Before it became the new BAMPFA, the building at the corner of Oxford and Center streets was a printing plant — an ivory-colored building with milky windows to which few people gave a second thought. One hundred million dollars later, everything has changed. With its large peekaboo windows on both sides, BAMPFA invites passersby to look inside and see the spectacle – the warehouse feel, the clean sight-lines, and the multiple levels. From Center Street, the one-story-high "Art Wall," has as its first, temporary offering a monumental inked mural by the great Chinese artist Qiu Zhijie called The World Garden. It's an idealized map of physical and intellectual geography, where everything is seamlessly connected and balanced in nature. In it, an "Islamic Garden" sits next to a plain called "General Life," which is close to a "French Formal Garden," all of which are below an area labeled "Picturesque Theory." Written in both English and Chinese, the map borrows from traditional Chinese brush painting, an inspired overture that demands contemplation. To do that, BAMPFA also commissioned a wooden seating area that slopes downward, amphitheater-style. On opening day, lots of people snuggled there on cushions, taking pictures of Qiu's work or just taking a breather from taking it all in.

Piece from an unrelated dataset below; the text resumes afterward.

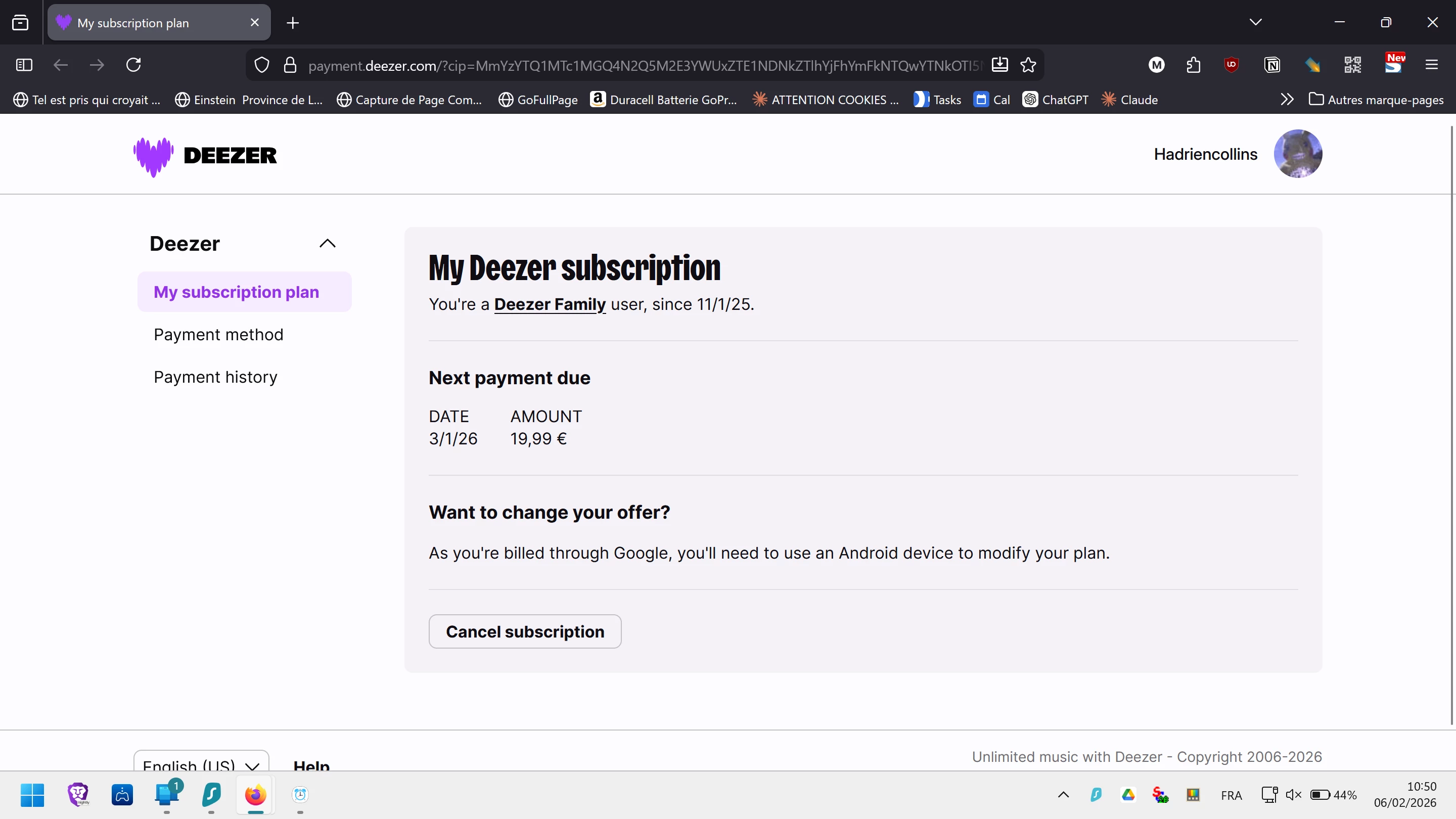 Deezer ne répond plus. Mon abonnement famille est supprimé le 5ème jour du mois à 12h12. Si c’est pas bizarre ?!? J’ai envoyé un mail à
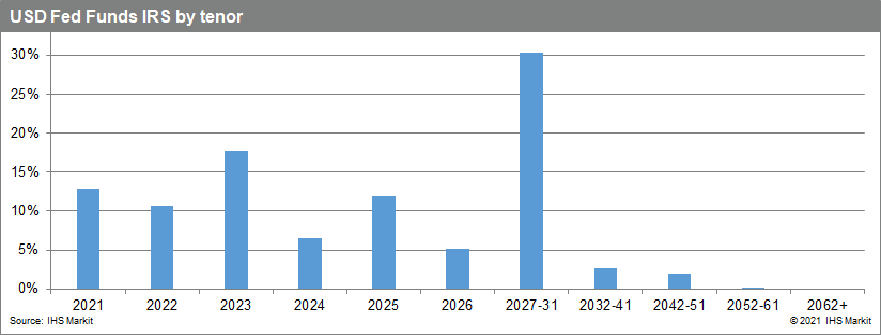 SOFR will replace Fed Funds and USD-LIBOR. There was an initial uptick at the end of October 2020 driven by the CCPs switching from Fed Funds to SOFR discounting on 16th October 2020. Since then, SOFR has made very gradual further progress but still only makes up less than 2% of volume traded. Unlike the other LIBORs it is expected USD-LIBOR will continue to be published until June 30, 2023.

There's a lot to take in at BAMPFA, including side galleries, film theaters large and small, workshop spaces, and — if you're a researcher — all the study centers and research rooms. On the Addison Street side, BAMPFA has an LED screen that, on opening day, showed an odd art film, while the main theater inside was screening an avant-garde movie where shapes danced around like amoeba under a microscope. People sat in droves, waiting in lines for galleries without even caring what was there. "Do you know what's in the gallery?" one patron asked another, who was waiting patiently for Saraceno's spider-web art. "No," the person said – to which the other patron said, "All right!"

Charles Renfro, partner of the New York architectural firm Diller Scofidio + Renfro, which designed BAMPFA, has predicted the museum "will become a new social and cultural hub for the entire region." We will see about that. But BAMPFA's programming has always had a sterling, well-deserved reputation for art and film alike. And its new building, which is located just a minute's walk from BART's downtown Berkeley station, offers a more convenient destination than its previous incarnation. If that building was one-third bigger in size, this one has more burrows — smaller spaces that break up a visit into more concentrated areas. Not everyone will like that. Ultimately, BAMPFA's new architecture is merely the salve — the ornamental salve — that helps get people inspired, and the only thing that matters is the personal connection that art-goers have with the building or the actual art. "Architecture of Life" offers a thousand ways to connect with the feeling of architecture — from conventional plans to structures that dehumanize people to what can be called mystical glimpses of the foundations that make up people's lives and follow them into death.